Answer: Concentration of Cl⁻ in the final solution is 0.300 M
Step-by-step explanation:
To calculate : concentration of Cl⁻(aq) in the final solution is equal to moles of Cl⁻(aq) divide by the total volume of the solution.
i)So, number of moles of Cl⁻(aq) that are present in the HCl solution as:
moles of solute = molarity x volume (in liters)
moles of HCl = 1.00 M x 0.100 L = 0.100 moles of HCl
Since, HCl dissociates completely in water to form H⁺(aq) and Cl⁻(aq), Hence, 0.100 moles of Cl⁻(aq) present in the HCl solution.
ii) determine the number of moles of Cl⁻(aq) present in the NaCl solution.

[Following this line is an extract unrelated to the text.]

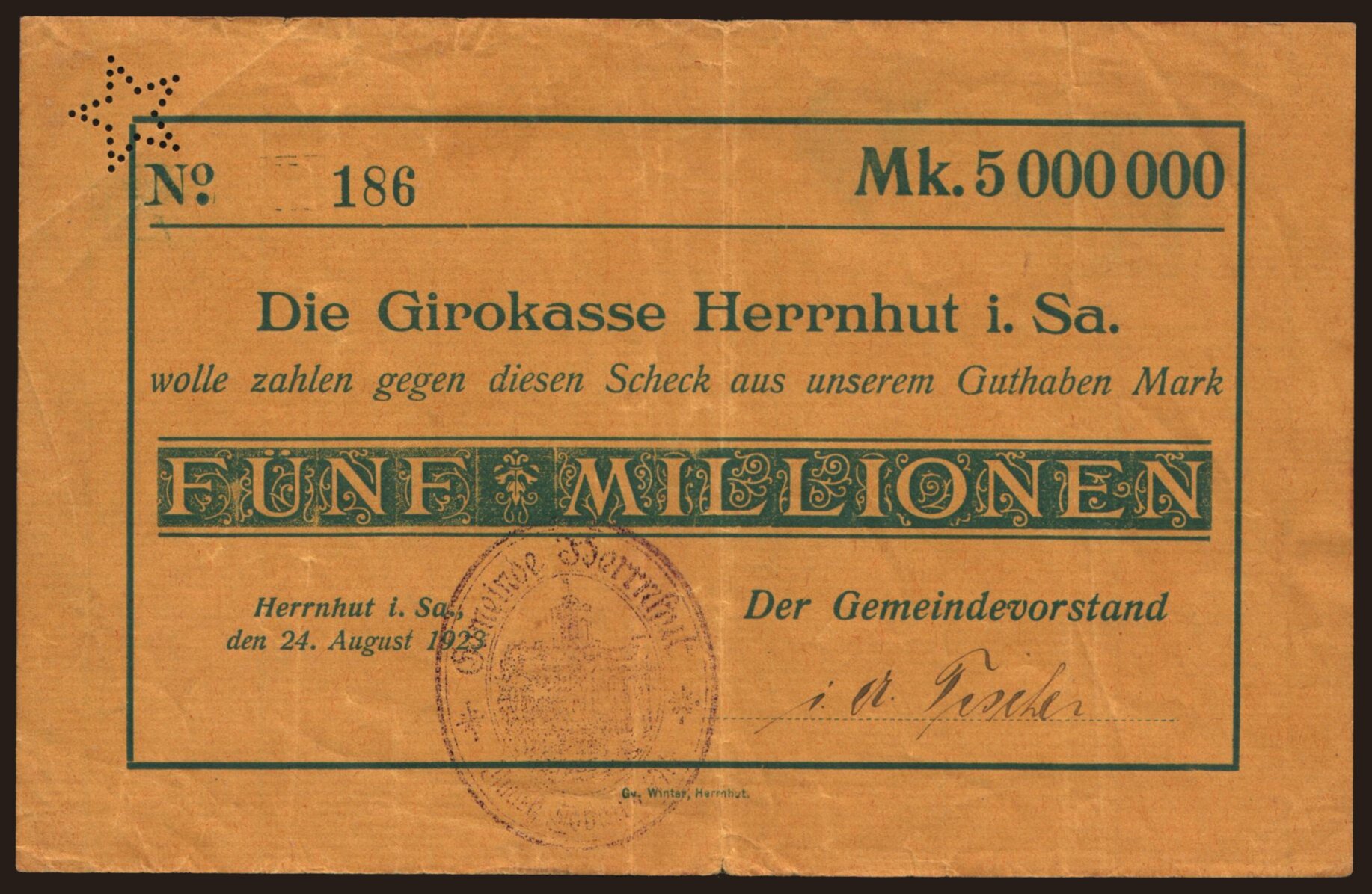 Herrnhut/ Gemeindevorstand, 5.000.000 Mark, 1923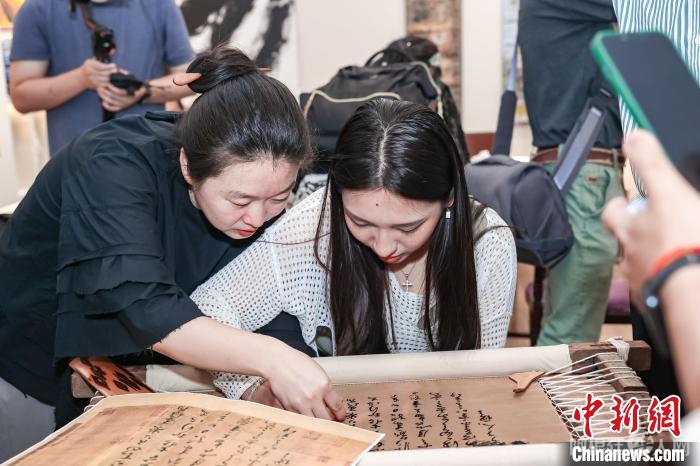 海外华文媒体代表了解杭绣作品。 主办方供图

Since, NaCl dissociates to form Na⁺(aq) and Cl⁻(aq), we have:
moles of NaCl = 2.00 M x 0.100 L = 0.200 moles of NaCl
Hence, moles of Cl⁻(aq) = 0.200 moles of NaCl
So, the total number of moles of Cl⁻(aq) in the final solution is:
moles of Cl⁻(aq) = 0.100 moles of HCl + 0.200 moles of NaCl = 0.300 moles of Cl⁻(aq)
As we know, concentration of Cl⁻(aq) = moles of Cl⁻(aq) / total volume
given Total volume = 1.00 L
Hence, concentration of Cl⁻(aq) = 0.300 moles / 1.00 L = 0.300 M
Therefore, the concentration of Cl⁻(aq) in the final solution is 0.300 M.